Task prompt: Copy out each record that follows exactly, and omit any picture you find.

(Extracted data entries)
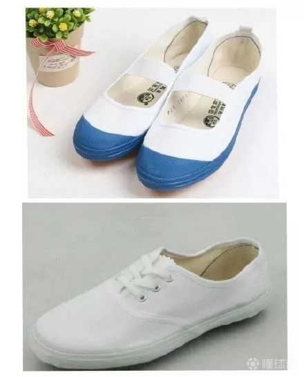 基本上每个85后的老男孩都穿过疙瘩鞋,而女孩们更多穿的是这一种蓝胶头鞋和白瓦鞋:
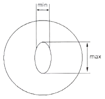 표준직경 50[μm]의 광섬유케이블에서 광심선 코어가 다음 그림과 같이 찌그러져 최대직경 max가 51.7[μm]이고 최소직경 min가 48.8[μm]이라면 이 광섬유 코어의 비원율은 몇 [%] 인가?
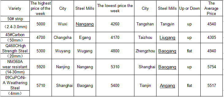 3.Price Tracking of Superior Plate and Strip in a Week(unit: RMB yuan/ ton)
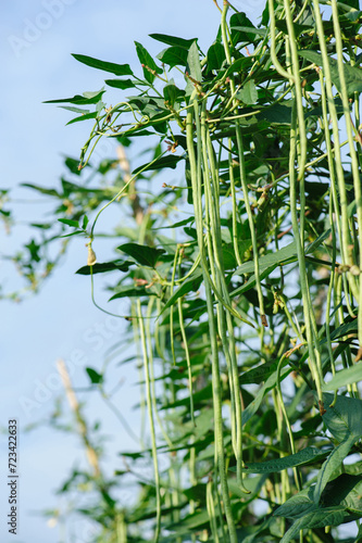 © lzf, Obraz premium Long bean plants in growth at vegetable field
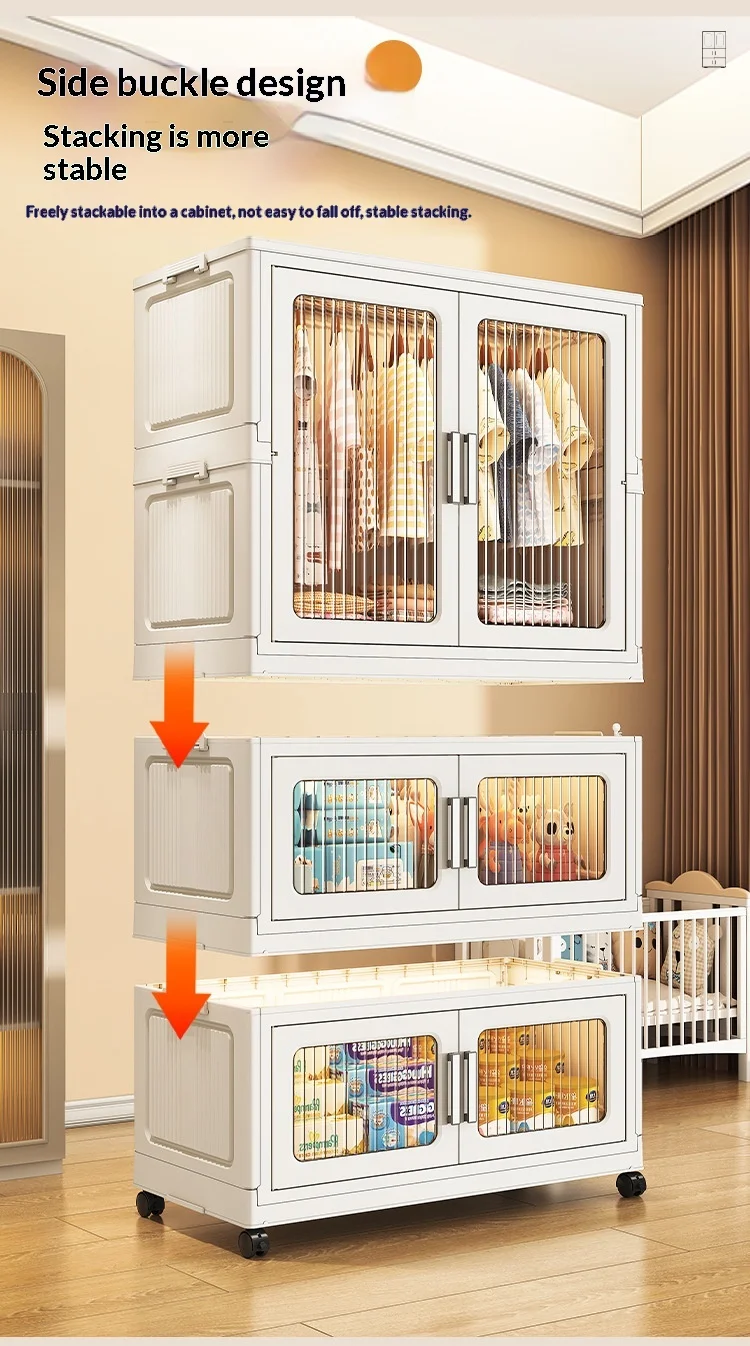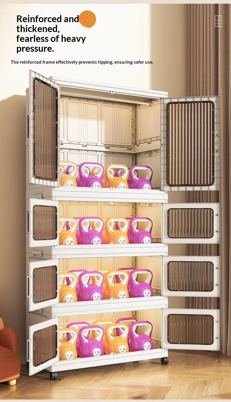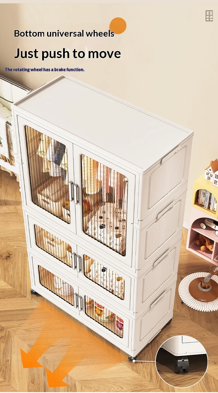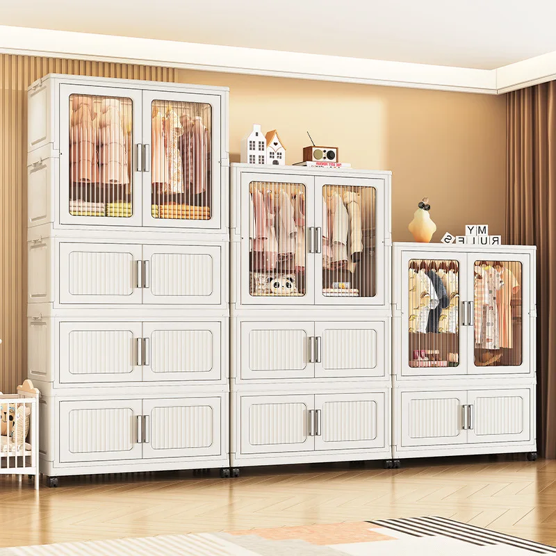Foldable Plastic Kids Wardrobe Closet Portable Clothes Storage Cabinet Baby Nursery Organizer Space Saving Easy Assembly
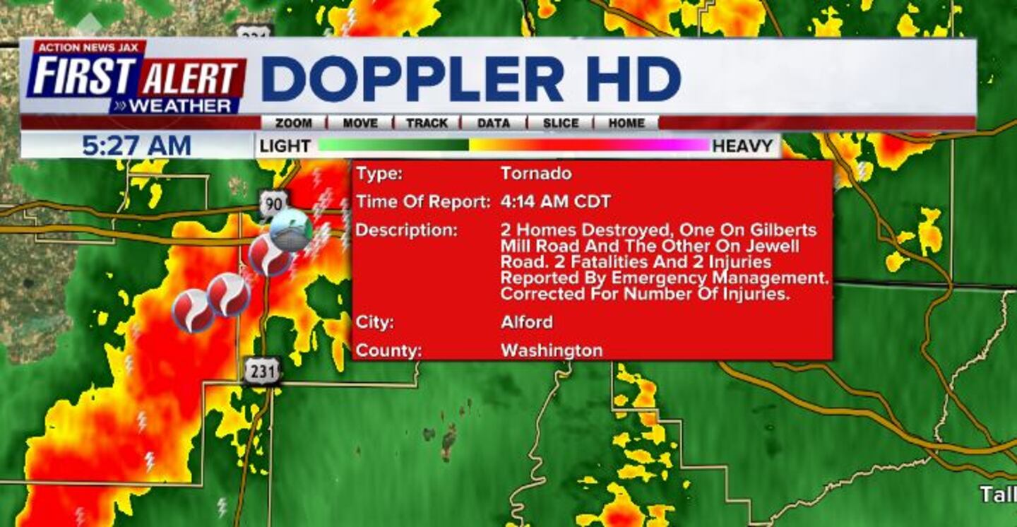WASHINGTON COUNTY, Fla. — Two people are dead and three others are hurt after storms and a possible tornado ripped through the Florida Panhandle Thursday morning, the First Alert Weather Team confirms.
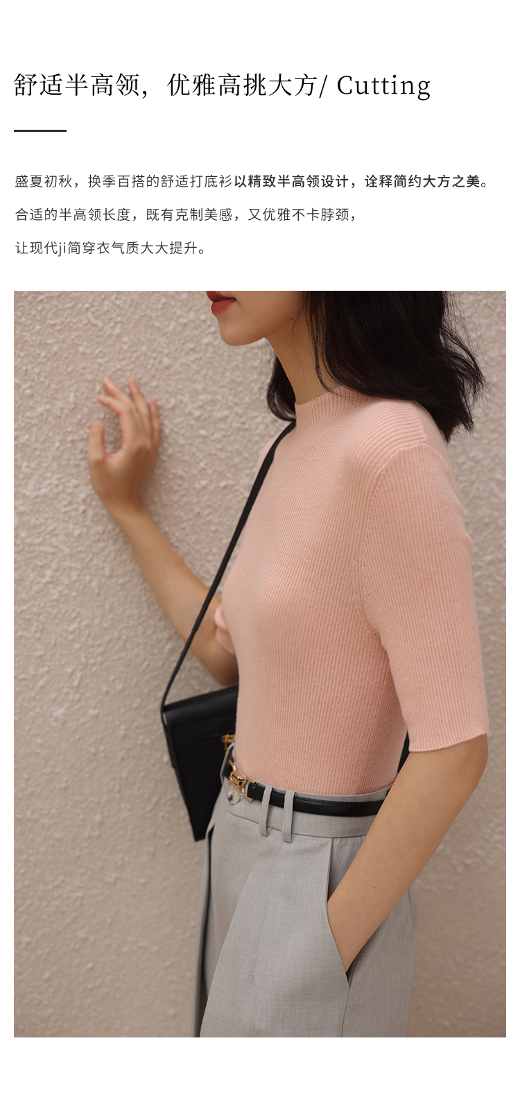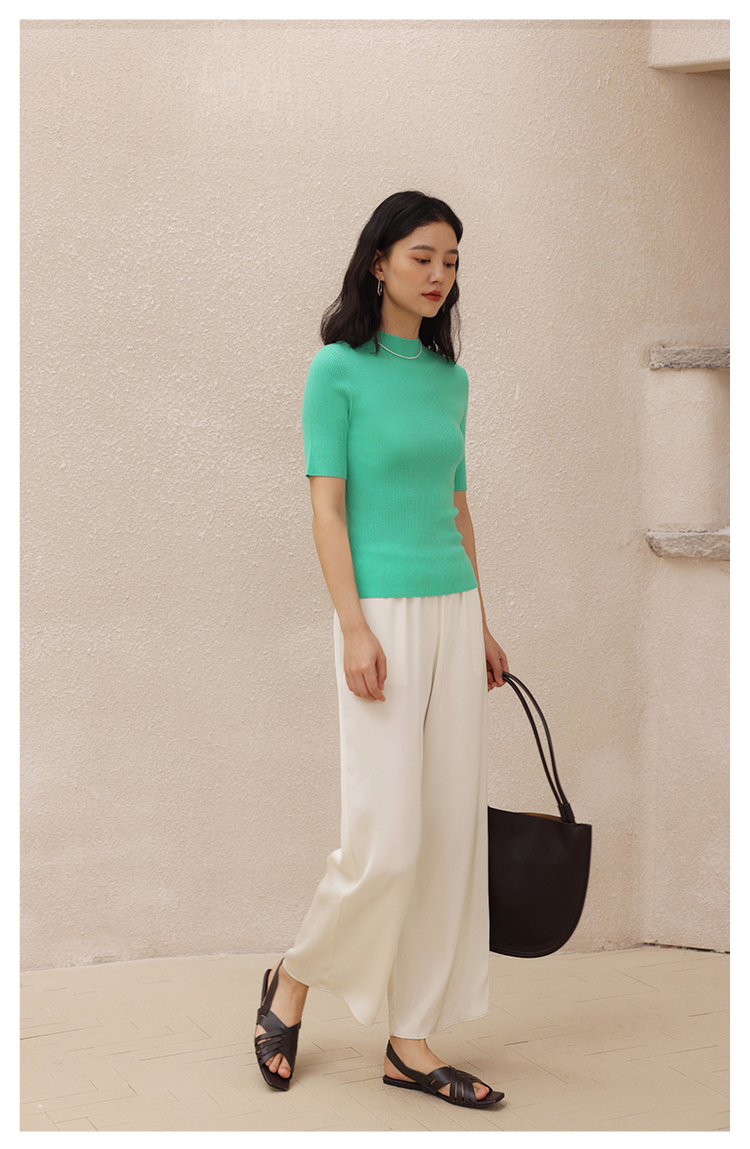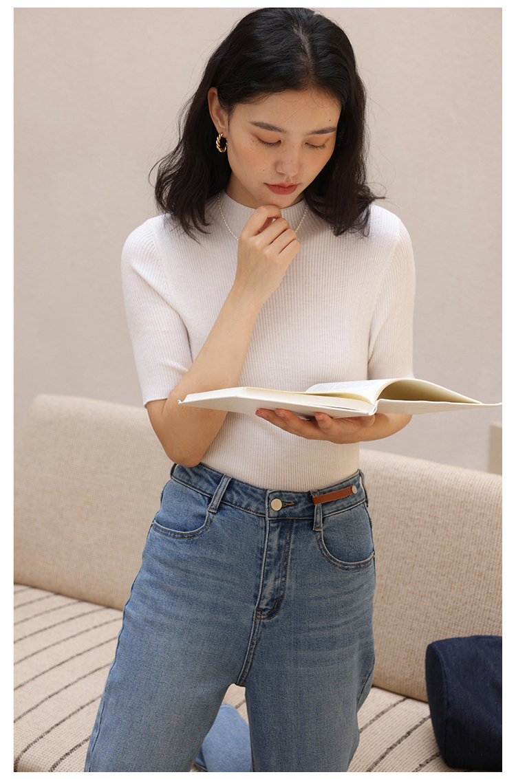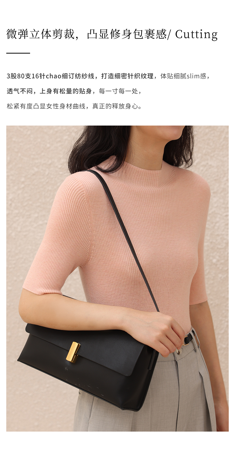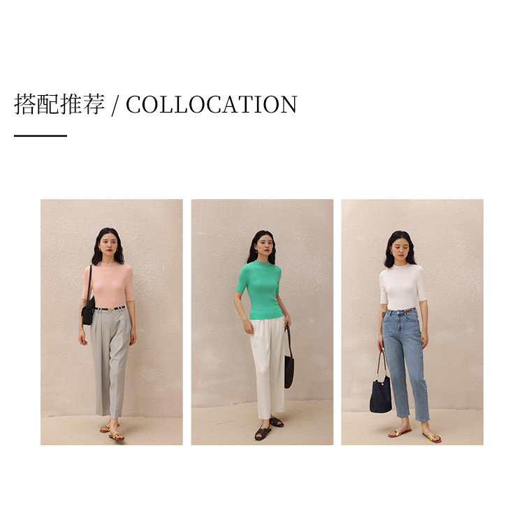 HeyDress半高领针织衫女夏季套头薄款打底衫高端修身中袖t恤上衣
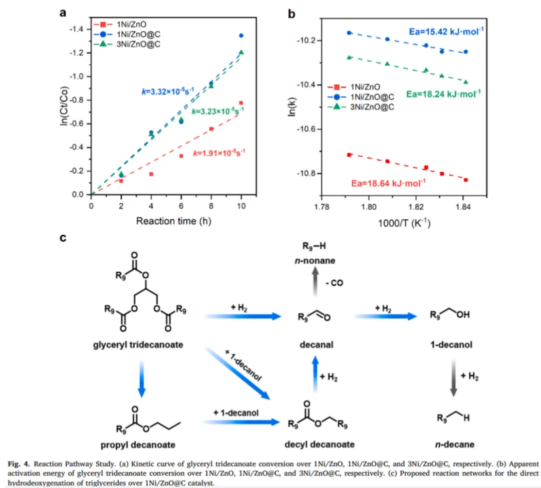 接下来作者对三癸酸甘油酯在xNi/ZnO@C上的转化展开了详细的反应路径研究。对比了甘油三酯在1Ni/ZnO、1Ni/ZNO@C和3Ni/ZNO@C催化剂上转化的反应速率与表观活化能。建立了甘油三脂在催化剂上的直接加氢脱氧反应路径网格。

Answer section:
 基本上每个85后的老男孩都穿过疙瘩鞋,而女孩们更多穿的是这一种蓝胶头鞋和白瓦鞋:
 표준직경 50[μm]의 광섬유케이블에서 광심선 코어가 다음 그림과 같이 찌그러져 최대직경 max가 51.7[μm]이고 최소직경 min가 48.8[μm]이라면 이 광섬유 코어의 비원율은 몇 [%] 인가?
 3.Price Tracking of Superior Plate and Strip in a Week(unit: RMB yuan/ ton)
 © lzf, Obraz premium Long bean plants in growth at vegetable field
Foldable Plastic Kids Wardrobe Closet Portable Clothes Storage Cabinet Baby Nursery Organizer Space Saving Easy Assembly
WASHINGTON COUNTY, Fla. — Two people are dead and three others are hurt after storms and a possible tornado ripped through the Florida Panhandle Thursday morning, the First Alert Weather Team confirms.
 HeyDress半高领针织衫女夏季套头薄款打底衫高端修身中袖t恤上衣
 接下来作者对三癸酸甘油酯在xNi/ZnO@C上的转化展开了详细的反应路径研究。对比了甘油三酯在1Ni/ZnO、1Ni/ZNO@C和3Ni/ZNO@C催化剂上转化的反应速率与表观活化能。建立了甘油三脂在催化剂上的直接加氢脱氧反应路径网格。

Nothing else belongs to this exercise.